Let's stop “building the state”! Let’s remember that the slogan of building or developing the state is the main slogan of totalitarianism. In its concentrated form, it is the primacy of the state with its totalitarian principle: “yest takoye mneniye”—a Russian phrase meaning “there is such an opinion,” a euphemism for an unchallengeable order from above—as a regulator of “simply real” (neo-totalitarian) domination beyond the bounds of law, accountability, and responsibility.

If our society does not effectively organize itself as self-changing, open, with an orientation towards the dominance of the first ethical system, we will inevitably face the transformation of our Bolshevik totalitarianism into new forms, but the government will continue to dominate Ukraine as its property. And “one’s own property” is not an empty sound even for the neo-Bolsheviks! Because Lenin himself stressed that the question of property is key for the Bolsheviks.

The “Bolshevized era” was ending before our eyes. It seemed that Bolshevism had finally receded into the past.

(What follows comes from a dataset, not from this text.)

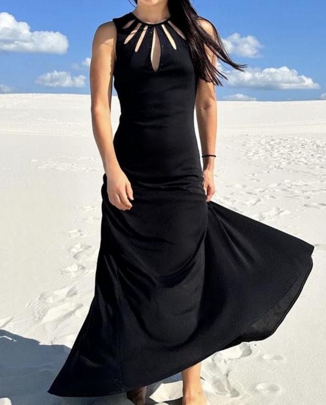 невероятно красивое вечернее длинное платье/платье в черном цвете. На подкладке. Декорирована маленькими черными камушками с вырезами в форме капель. На застежках-крючках по спинке. Размер xs/s, от плеча до низа платья примерно 152 см

However, it turned out that it only ended as a model of social utopia for the masses, but did not end for the “lucky ones” as a model of political and economic domination in “their own state.”

Therefore, society must keep a close watch on all who seek to drag this politically bankrupt “Bolshevized era” into the future by perpetuating their own rule. We must know by name all the supporters and advocates of continuing the “Bolshevized era” and notice in advance their attempts to block the very possibility of our social changes.

Only the voters, by socially and properly morally comprehending everything, will decide the true direction of change in the spring of 2006 through honest, transparent, and truly democratic elections of a new parliament. For under close international control, let us also mobilize our own civic control to the maximum. Checking our chosen representatives by their deeds for adherence to the first ethical system. Only then will we put an end to the domination of the “moral code of the builder of communism” in Ukraine with the construction of a communist paradise for those “chosen as prophets”—the former or new “darlings of darkness.”